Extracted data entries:
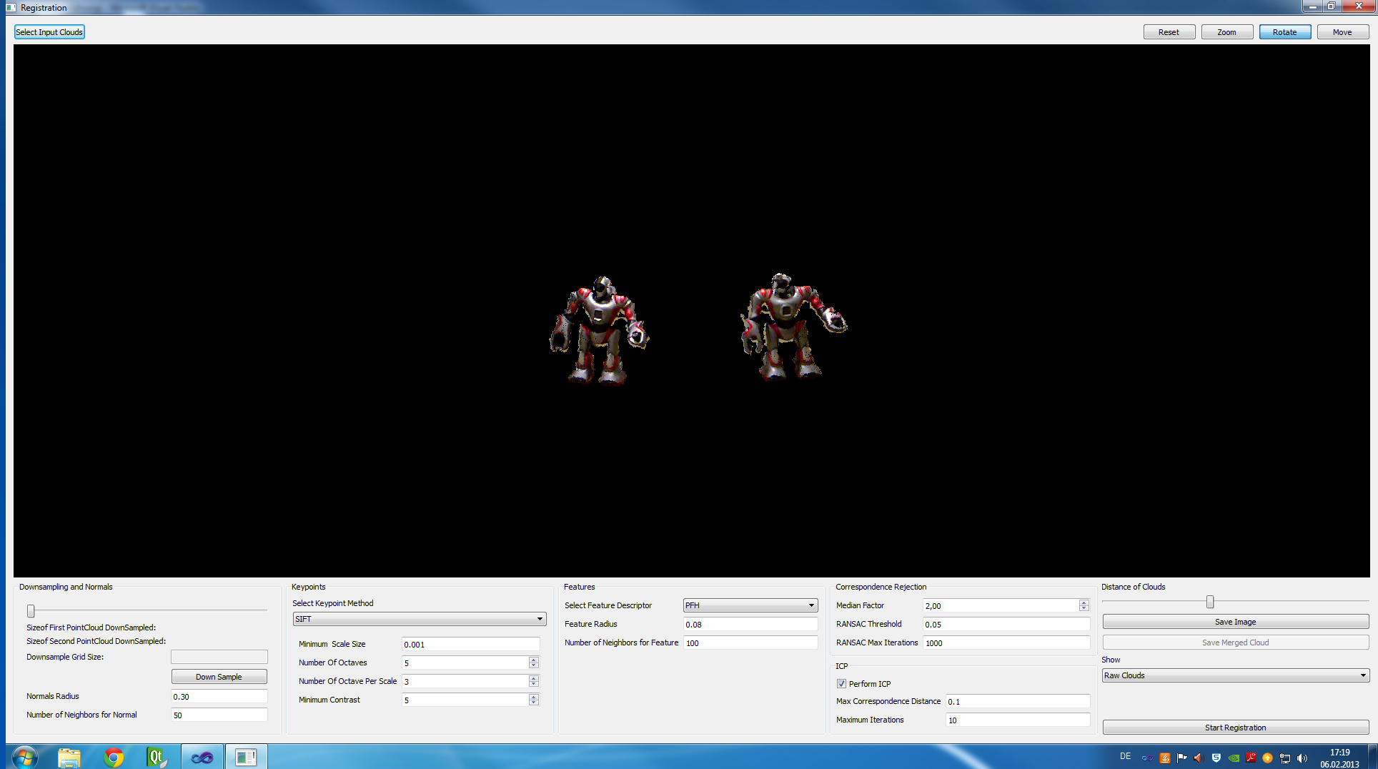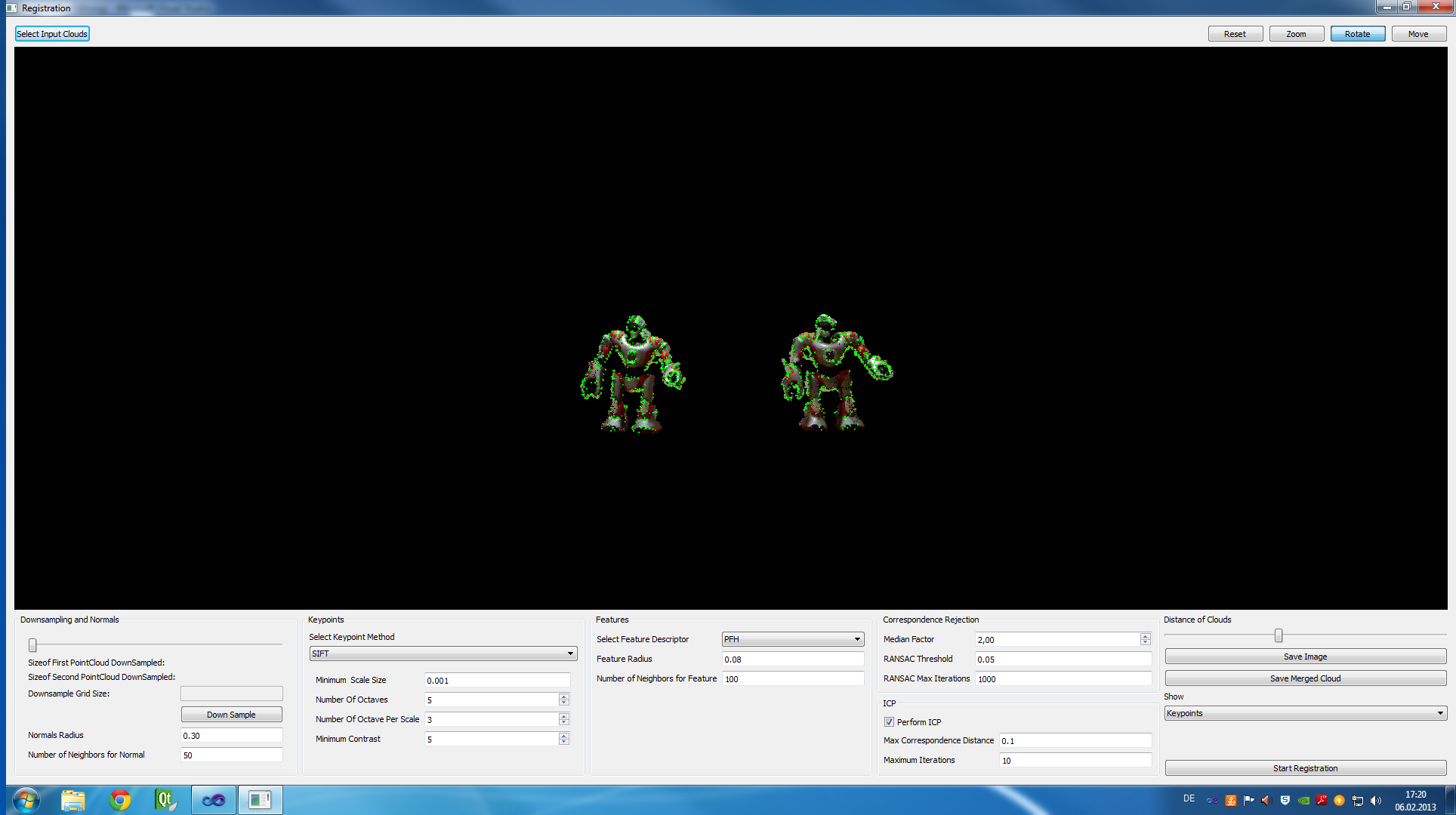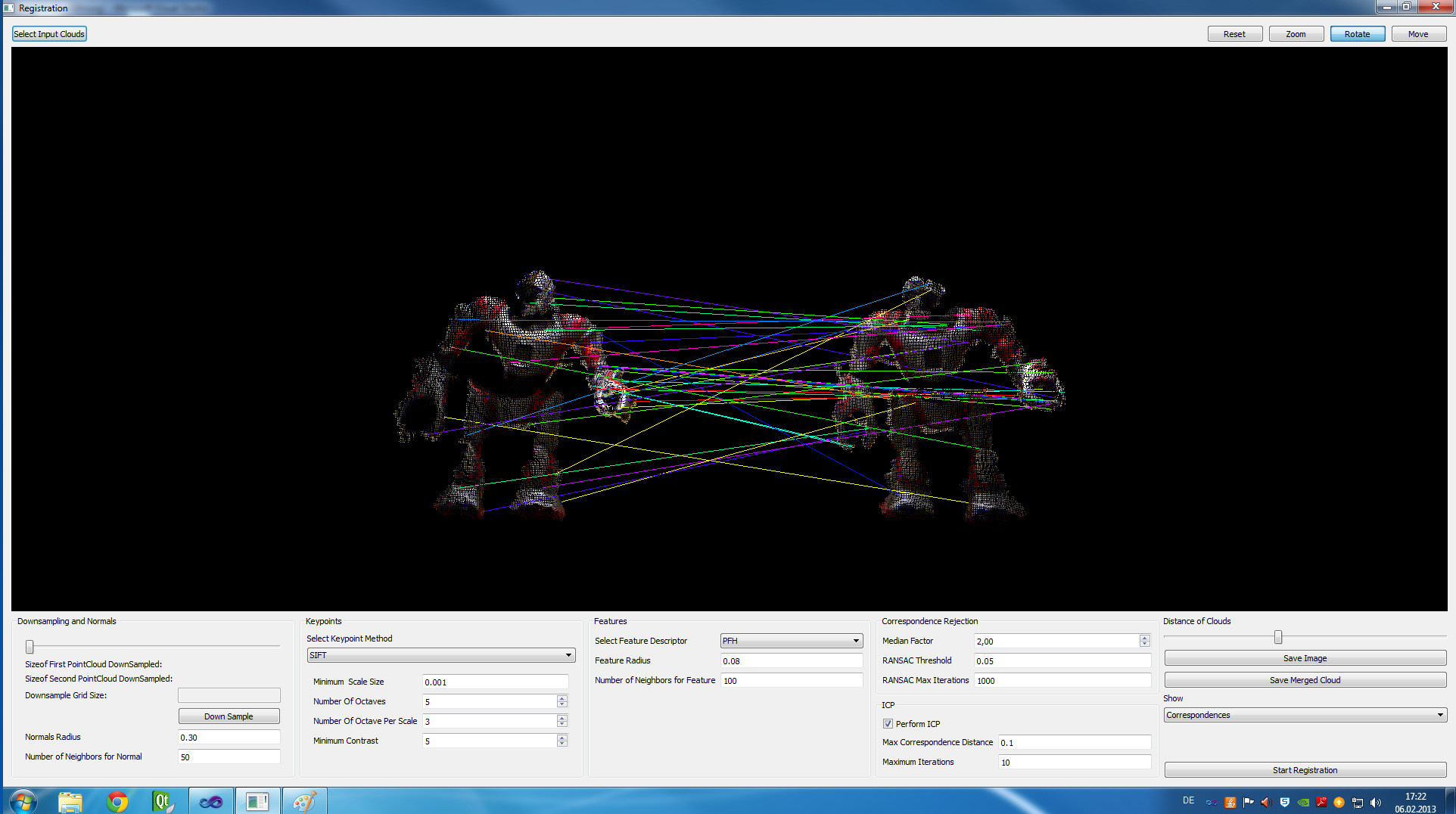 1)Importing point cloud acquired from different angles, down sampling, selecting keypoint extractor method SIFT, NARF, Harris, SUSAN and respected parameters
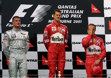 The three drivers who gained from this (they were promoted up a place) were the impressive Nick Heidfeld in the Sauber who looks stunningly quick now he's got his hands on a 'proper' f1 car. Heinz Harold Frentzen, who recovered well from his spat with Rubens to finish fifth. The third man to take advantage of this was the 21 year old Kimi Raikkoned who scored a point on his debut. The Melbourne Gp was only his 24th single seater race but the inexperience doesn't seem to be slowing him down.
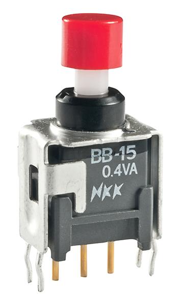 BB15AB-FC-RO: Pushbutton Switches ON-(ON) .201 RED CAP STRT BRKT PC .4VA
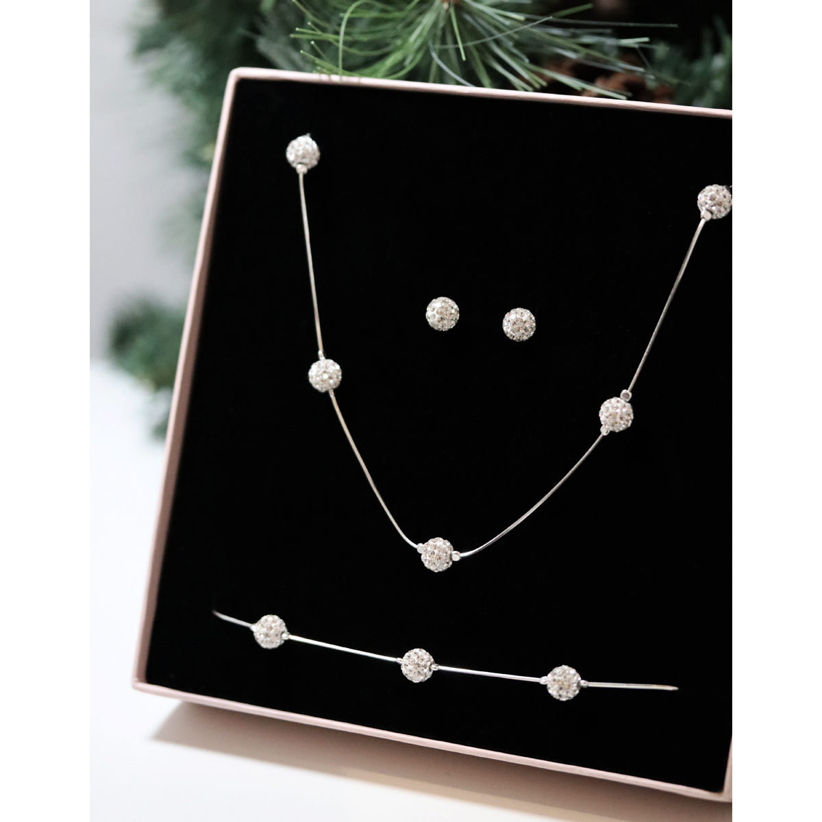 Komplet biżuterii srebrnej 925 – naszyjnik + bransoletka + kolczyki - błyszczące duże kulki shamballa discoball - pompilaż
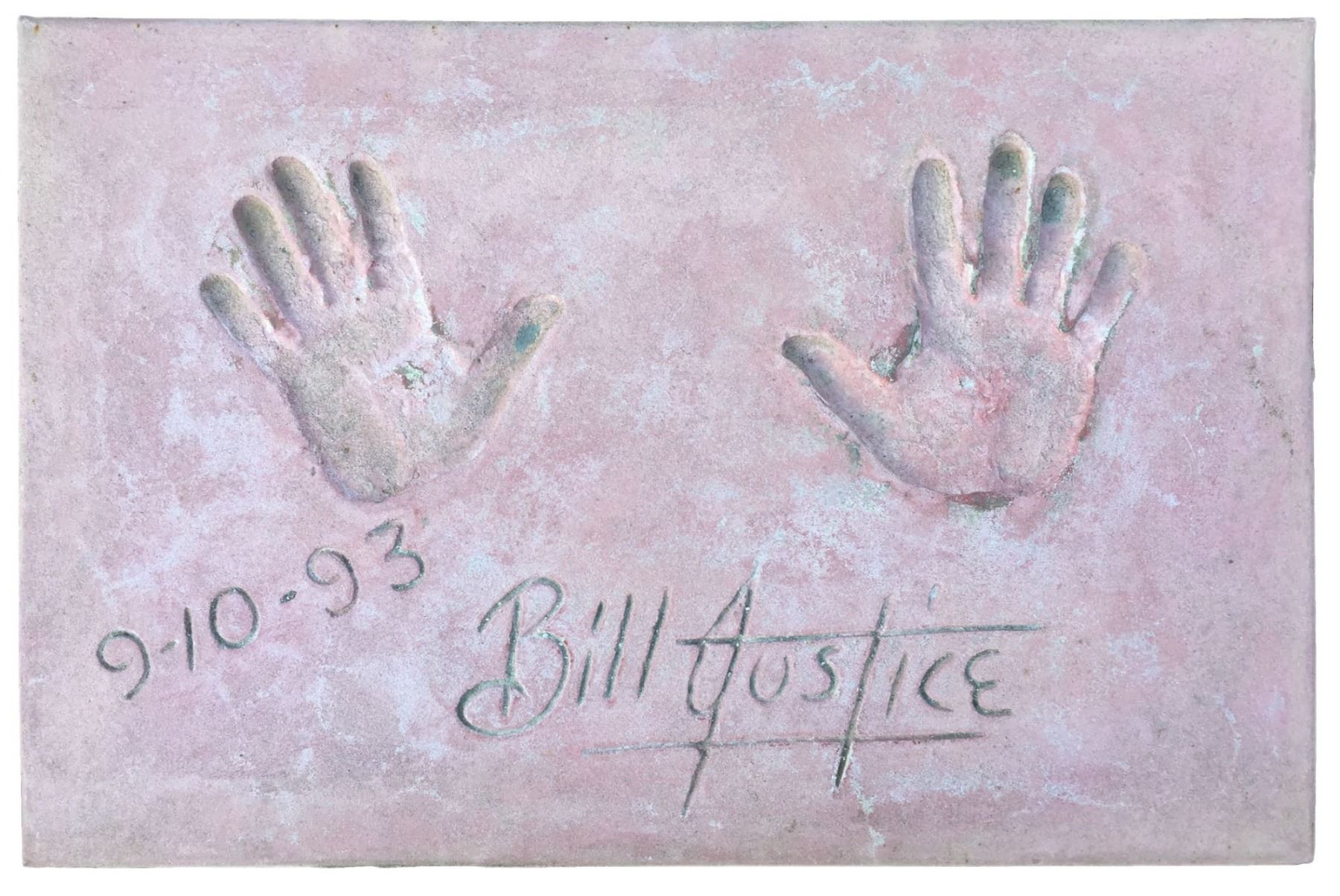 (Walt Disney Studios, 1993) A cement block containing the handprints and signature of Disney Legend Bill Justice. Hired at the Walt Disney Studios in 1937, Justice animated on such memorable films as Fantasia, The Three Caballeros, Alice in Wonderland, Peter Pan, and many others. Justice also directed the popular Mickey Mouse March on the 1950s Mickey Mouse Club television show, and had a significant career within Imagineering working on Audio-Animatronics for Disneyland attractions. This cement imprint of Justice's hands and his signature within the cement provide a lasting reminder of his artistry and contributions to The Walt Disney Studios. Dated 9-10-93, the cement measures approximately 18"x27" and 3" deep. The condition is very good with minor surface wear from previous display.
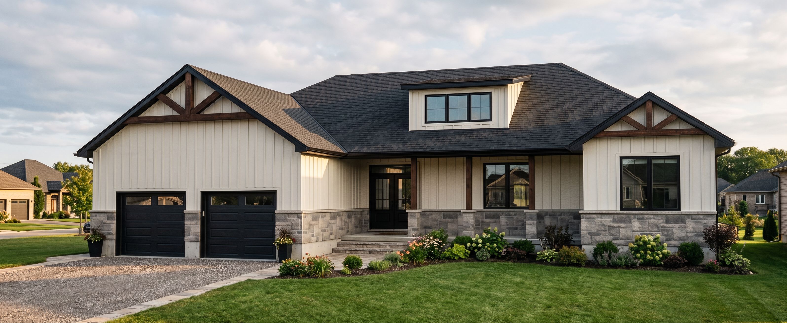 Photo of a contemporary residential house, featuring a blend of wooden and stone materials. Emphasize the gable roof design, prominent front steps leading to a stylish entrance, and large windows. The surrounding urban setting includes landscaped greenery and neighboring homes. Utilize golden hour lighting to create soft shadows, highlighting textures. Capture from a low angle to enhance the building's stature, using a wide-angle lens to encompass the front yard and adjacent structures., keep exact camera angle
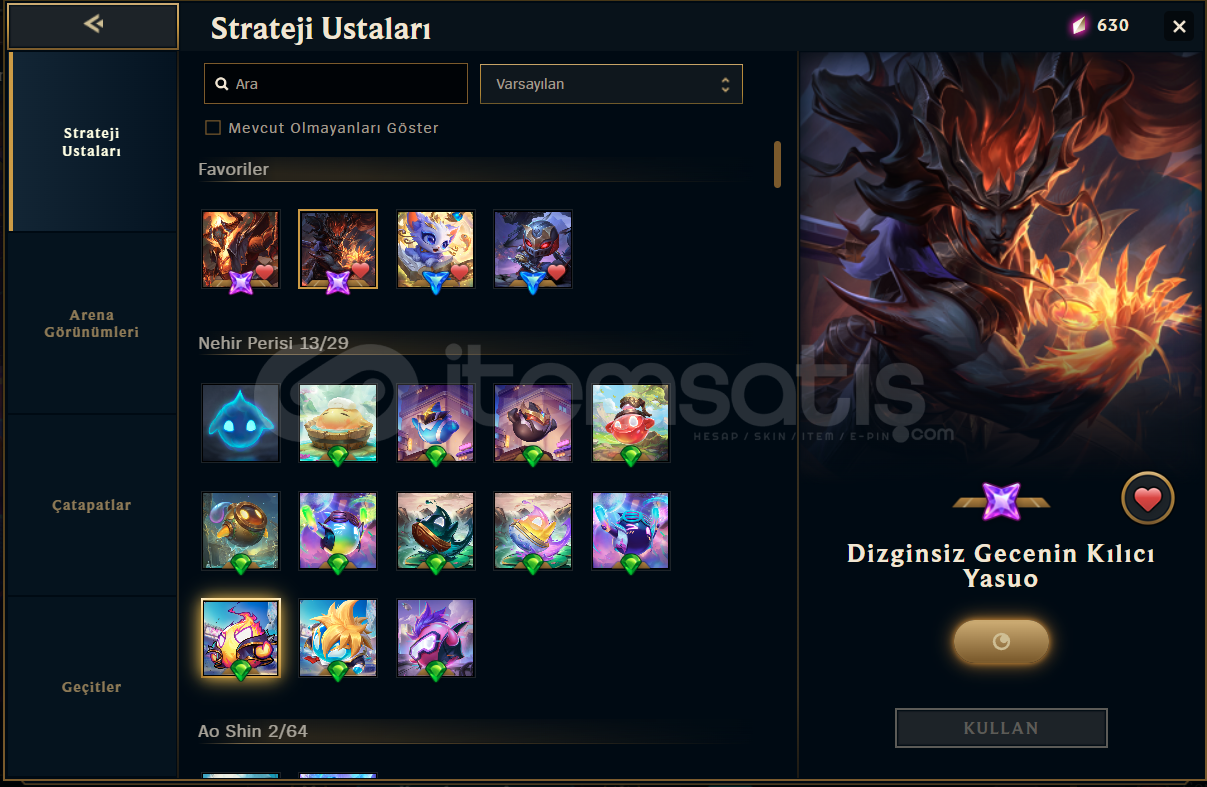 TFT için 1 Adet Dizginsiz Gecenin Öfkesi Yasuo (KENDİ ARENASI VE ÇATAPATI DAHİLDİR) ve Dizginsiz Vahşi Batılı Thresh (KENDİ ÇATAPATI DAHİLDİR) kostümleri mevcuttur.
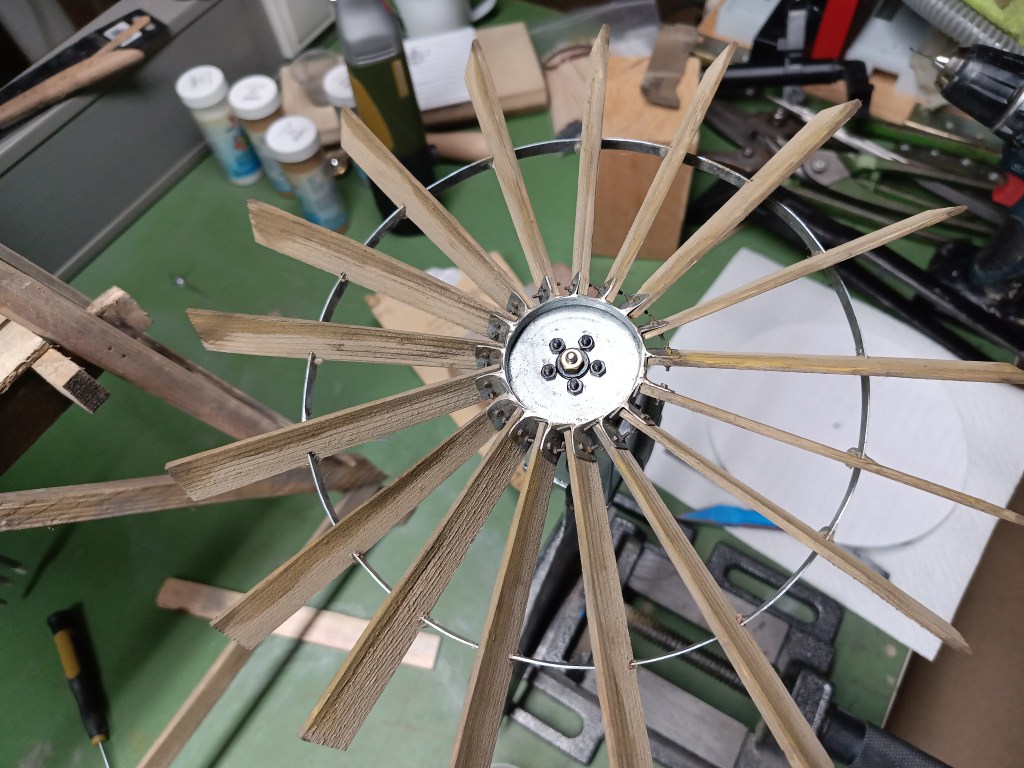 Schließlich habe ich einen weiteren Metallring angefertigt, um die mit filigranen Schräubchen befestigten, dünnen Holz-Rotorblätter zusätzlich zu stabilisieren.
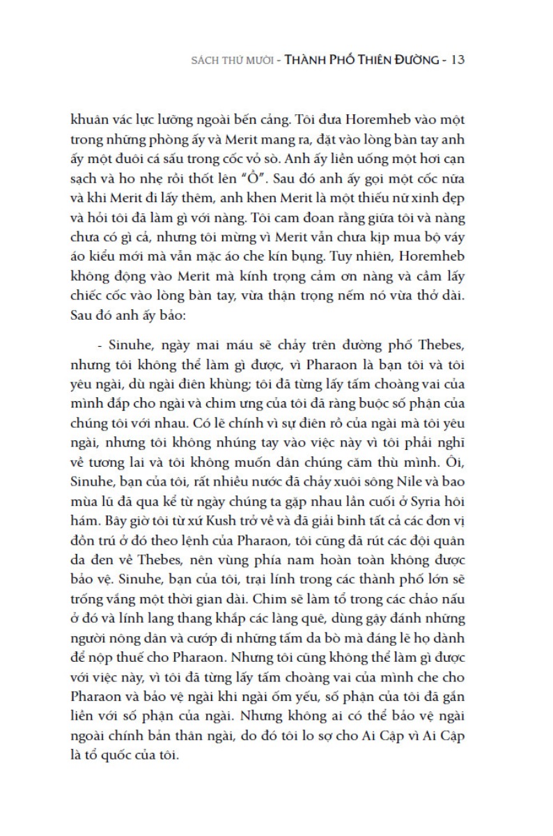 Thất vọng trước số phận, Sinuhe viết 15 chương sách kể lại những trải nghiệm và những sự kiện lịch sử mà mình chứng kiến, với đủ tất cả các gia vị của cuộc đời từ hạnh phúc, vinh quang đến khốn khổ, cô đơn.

WHAT THE TASK REQUIRES:
Nothing but the records above, exact and without pictures, should appear in the answer.

EXPECTED ANSWER:
 1)Importing point cloud acquired from different angles, down sampling, selecting keypoint extractor method SIFT, NARF, Harris, SUSAN and respected parameters
 The three drivers who gained from this (they were promoted up a place) were the impressive Nick Heidfeld in the Sauber who looks stunningly quick now he's got his hands on a 'proper' f1 car. Heinz Harold Frentzen, who recovered well from his spat with Rubens to finish fifth. The third man to take advantage of this was the 21 year old Kimi Raikkoned who scored a point on his debut. The Melbourne Gp was only his 24th single seater race but the inexperience doesn't seem to be slowing him down.
 BB15AB-FC-RO: Pushbutton Switches ON-(ON) .201 RED CAP STRT BRKT PC .4VA
 Komplet biżuterii srebrnej 925 – naszyjnik + bransoletka + kolczyki - błyszczące duże kulki shamballa discoball - pompilaż
 (Walt Disney Studios, 1993) A cement block containing the handprints and signature of Disney Legend Bill Justice. Hired at the Walt Disney Studios in 1937, Justice animated on such memorable films as Fantasia, The Three Caballeros, Alice in Wonderland, Peter Pan, and many others. Justice also directed the popular Mickey Mouse March on the 1950s Mickey Mouse Club television show, and had a significant career within Imagineering working on Audio-Animatronics for Disneyland attractions. This cement imprint of Justice's hands and his signature within the cement provide a lasting reminder of his artistry and contributions to The Walt Disney Studios. Dated 9-10-93, the cement measures approximately 18"x27" and 3" deep. The condition is very good with minor surface wear from previous display.
 Photo of a contemporary residential house, featuring a blend of wooden and stone materials. Emphasize the gable roof design, prominent front steps leading to a stylish entrance, and large windows. The surrounding urban setting includes landscaped greenery and neighboring homes. Utilize golden hour lighting to create soft shadows, highlighting textures. Capture from a low angle to enhance the building's stature, using a wide-angle lens to encompass the front yard and adjacent structures., keep exact camera angle
 TFT için 1 Adet Dizginsiz Gecenin Öfkesi Yasuo (KENDİ ARENASI VE ÇATAPATI DAHİLDİR) ve Dizginsiz Vahşi Batılı Thresh (KENDİ ÇATAPATI DAHİLDİR) kostümleri mevcuttur.
 Schließlich habe ich einen weiteren Metallring angefertigt, um die mit filigranen Schräubchen befestigten, dünnen Holz-Rotorblätter zusätzlich zu stabilisieren.
 Thất vọng trước số phận, Sinuhe viết 15 chương sách kể lại những trải nghiệm và những sự kiện lịch sử mà mình chứng kiến, với đủ tất cả các gia vị của cuộc đời từ hạnh phúc, vinh quang đến khốn khổ, cô đơn.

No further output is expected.